2.  Analysis and concluding findings

The complaint alleges that the Respondent, since April 2, has failed and refused to sign an agreed-upon contract.  The General Counsel argues that the parties agreed upon all terms of the collective-bargaining agreement on September 12, including the transition agreement.  I have found that the transition agreement was not reduced to writing on September 12, 2001.  Even if it was, I find that there was no meeting of the minds regarding a substantive term of the collective-bargaining agreement, that being the effective date of the agreement.

The economic proposal to which the Union agreed reflects a 3-year term to the agreement which expires on August 31, 2003.  Although not set out in a separate article, that language appears in the wages and benefits article of the tentative agreement that the Company tendered to the Union on September 14.  The foregoing suggests that the parties, in September, assumed that the contract would expire in slightly less than 2 years, on August 31, 2003, but there is no evidence that this was specifically discussed.

The General Counsel, citing the testimony of Dixon, argues that “the parties agreed that the effective date of the contract would be the date when the agreement was ratified.”  Counsel does not cite Dixon’s further testimony in which he acknowledged that the foregoing testimony reflected his “position and understanding,” not a specific agreement of the parties.

Contrary to the foregoing argument, there is no probative evidence that there was any agreement that the effective date of the contract would be the date of ratification.  If the Company had agreed, in anticipation of ratification and immediate signing, that the date of ratification would be the effective date of the contract, there would at least be a colorable claim that the Company was bound in April by the bargain it struck in September, notwithstanding the passage of more than 6 months.

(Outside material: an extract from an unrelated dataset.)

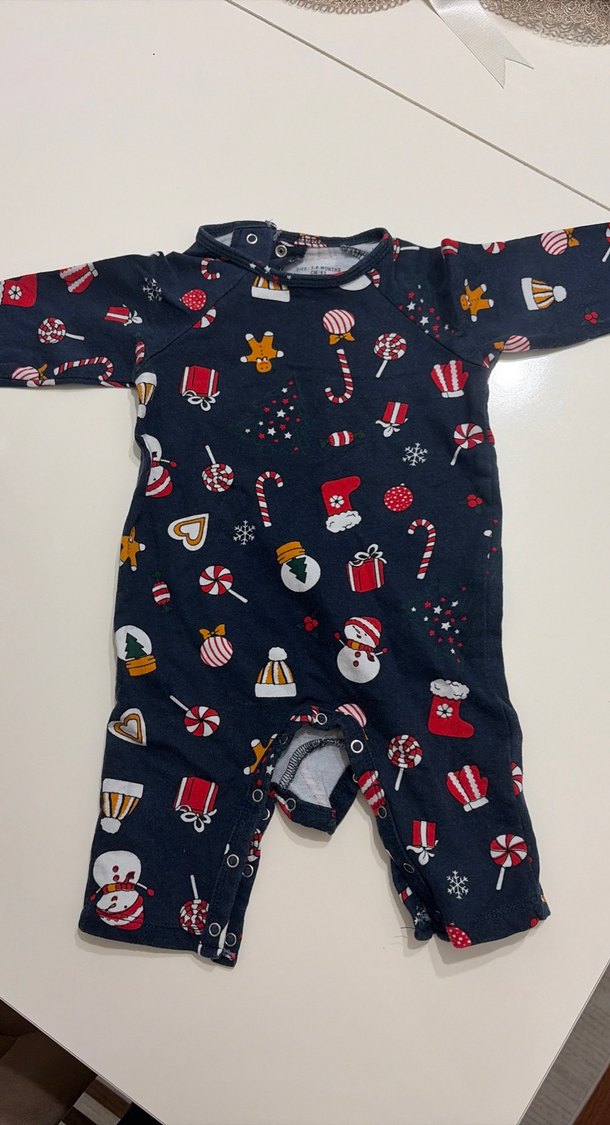 Uzun kollu, bisiklet yaka ve desenli renkli erkek bebek tulumu.

But there was no discussion or agreement relating to the effective date of the contract.  The Union did not assert that it considered the agreement to be effective upon ratification until July.  Its letter of April 2 did not affirmatively state that it considered the contract to be effective upon ratification.  Although the Company suspected that Dixon’s modification of the documents portended a contention of retroactivity, Dixon did not confirm that suspicion until July 3.  The Union never stated in September 2001 that it believed that the Company’s obligations attached upon ratification.  Even if the Union’s position was taken in good faith, despite the clear language relating to payment of the ratification bonus after execution, the Union did not communicate its belief that the obligations set out in the contract attached upon ratification rather than execution of the agreement.

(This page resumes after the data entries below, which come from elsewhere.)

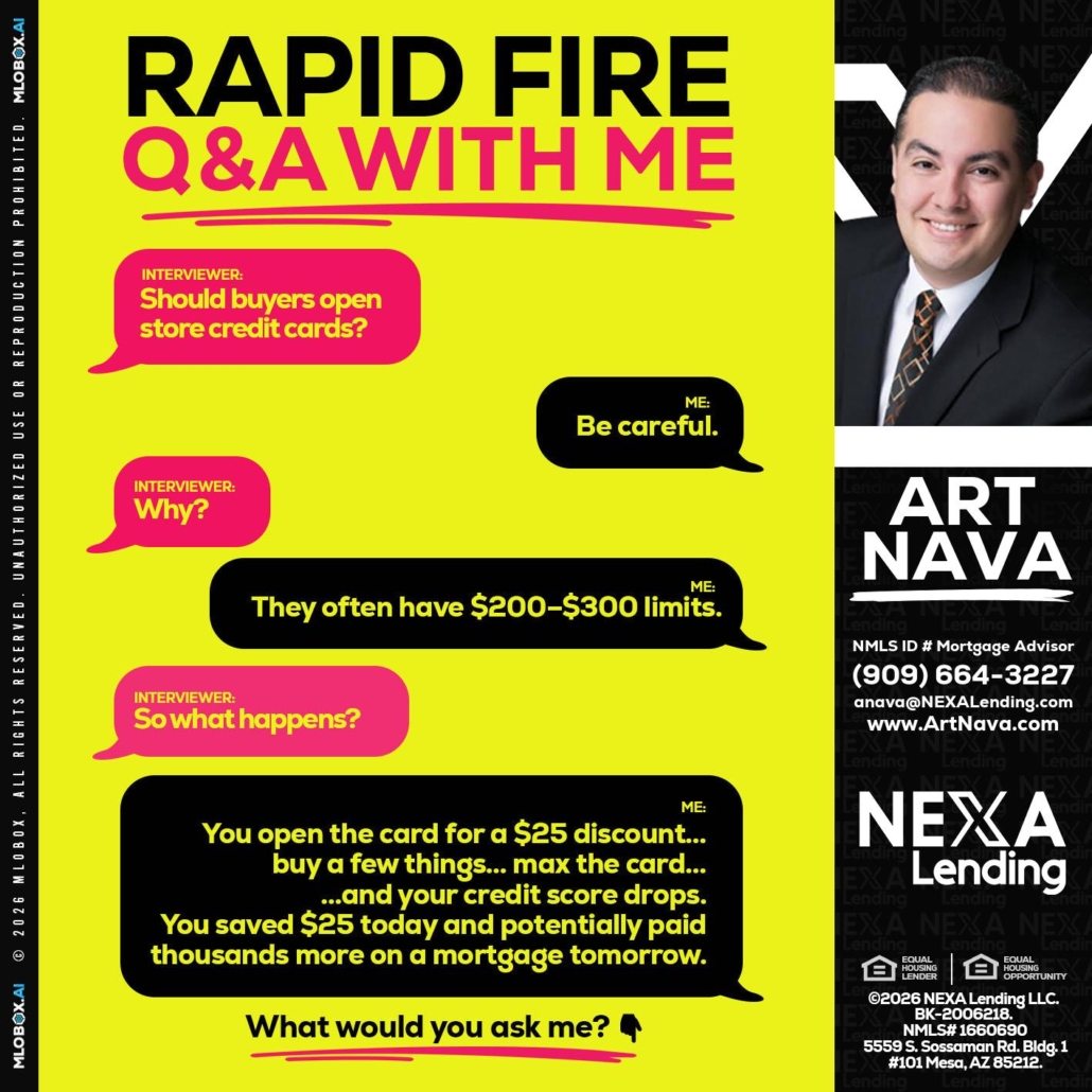RAPID FIRE Q&A - Art Nava -Mortgage AdvisorHi, my name is Art Nava. I’m a Loan Officer with NEXA Lending LLC., offering personalized mortgage solutions, fast customized quotes, great rates and service with integrity.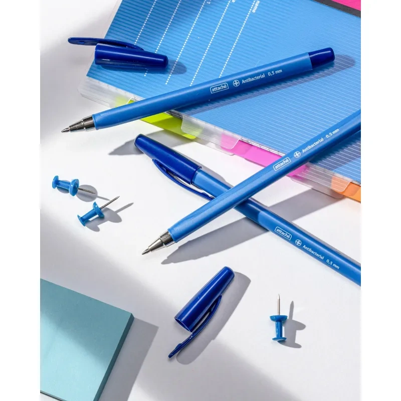 Шариковая ручка Attache Antibacterial синяя, 0.5мм, голубой корпус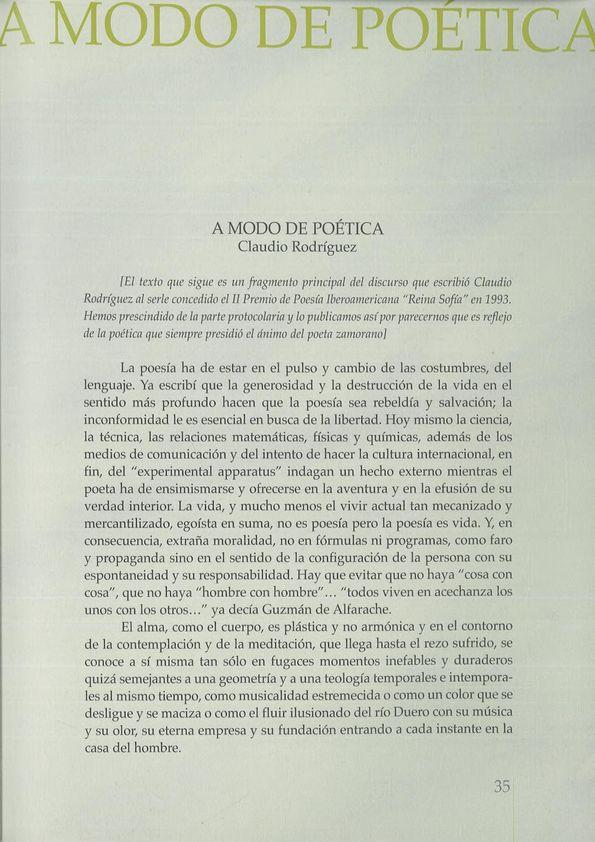 - Título: A modo de poética / Claudio Rodríguez (Formato PDF)

There is no evidence that there was any discussion regarding the retroactivity of noneconomic items.  Although the economic proposal and tentative agreement provide for a 3-year agreement “commencing on September 1, 2000,” the parties did not discuss retroactivity except with regard to economic items.  Addendum E provides that the Union “agrees to withdraw any and all outstanding grievances filed during the negotiation of this Labor Agreement.”  The Union’s agreement to that addendum made any discussion regarding the viability of grievances filed during negotiations unnecessary.  The discussion on September 12, 2001, regarding attendance points related to assigning points based upon the then current point totals under the existing policy.  The effective date in the tentative agreement document, although reflecting the year 2001, is left blank.  It is clear that the Company understood that its obligations under the contract would attach upon the date of execution since the “ratification bonus” was to be paid to “each employee working at the time of the execution of this agreement.”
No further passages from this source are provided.